A living thing wants to return to its natural shape. All you have to do is create the conditions for that to happen
.

The spell was short and repetitive, easy to learn. Nick shut his eyes and started chanting, carefully feeding magic into the words bit by bit. Control didn’t give him the rush of full-out spell casting, but it was oddly satisfying, like executing a perfect layup. As Nick chanted the last phrase, he felt his magical basketball swish right through the hoop.

There was a moment of silence, and then the barn erupted in panic-stricken squawking, baaing, and screaming.

Screaming?

Nick opened his eyes and saw a little kid in short pants and a frilly shirt sitting on a hay bale. Ginger-red hair the color of Tom’s fur stuck out around his head, and he was howling like a strong wind.

While Nick was still taking this in, a hard body cannoned into him. “Grr!” the attacker said fiercely. “Bark! Bark!”

Nick squirmed, turned, and shoved him off. The boy who had been Mutt fell over sideways and floundered. Before Nick could get up, a second apprentice jumped on his back. This one knew how to fight. Teeth fastened themselves on Nick’s ear and something sharp burned a line of fire across his cheek and lip.

At Beaton Middle School, kids got into fights all the time. They windmilled at one another with their fists and rolled on the ground. When one got a bloody nose or started to cry, most of them accepted that the fight was over, except for the inevitable trip to the principal’s office.

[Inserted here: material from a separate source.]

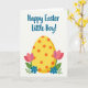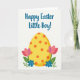 This design shows a bright spring illustration centered on a glowing yellow egg shape dotted with small orange circles and soft shading for depth. On both sides, rose-pink tulip-like flowers rise in matching curves, like they’re leaning in toward the center as if sharing a friendly moment 🌷. Near the base, clusters of rich blue blossoms sit among light and medium green leaves, giving the scene a fresh garden feel. Across the top, the greeting “Happy Easter Little Boy!” is placed in teal lettering, arcing gently above the egg. The letters are smooth and flowing, standing out clearly against the light background without crowding the artwork. Behind everything, a pale backdrop with a faint diagonal crosshatch pattern adds texture while keeping the focus on the flowers and egg 🐰. The composition stays symmetrical, with the pink blooms and blue flowers balanced evenly around the central yellow shape. Tiny green leaf sprigs and blue petals frame the lower edges beneath the egg, with the crosshatch lines barely visible in the negative space.

Nick wasn’t most kids. Nick never cried. Nick went berserk.

Twisting like an eel, he grabbed the apprentice who had scratched him by a fistful of cloth, and cocked back his arm for a good, hard, satisfying punch.

A pair of furious blue eyes glared up at him. They belonged to a skinny girl in a shapeless cotton dress and an even more shapeless gray sweater.

She showed her teeth and hissed. “Evil wizard!”

“Hell Cat?”

Nick dropped his hand and backed up a step. His mom had always told him he should never, never, not for any reason, hit girls or little kids — not even if they started it. He had promised he wouldn’t, he never had, and he wasn’t going to begin now, even though he really wanted to.

He could, however, set the record straight. “I am
not
an evil wizard!”

Hell Cat smoothed her sweater, turned up her nose, and stalked off to sit by Tom. If she’d still had a tail, she would have wrapped it around her feet.

Mutt crawled up to Nick and bumped his head against Nick’s leg. “Arf!”

It was then that Nick realized that he hadn’t given any thought to what he would do with the apprentices once he’d freed them.

A rustle drew his attention to the pigpen, where a boy was leaning over the rails. He was older than Nick, maybe sixteen, with a body like a barrel and a face like a cheese thatched with yellow hair.

“You must be Ollie,” Nick said.

The boy who had been the finest Yorkshire on the coast of Maine scratched his belly and blushed like a sunset. “Dunno. Sounds familiar, anyways. Who the Sam Hill are you?”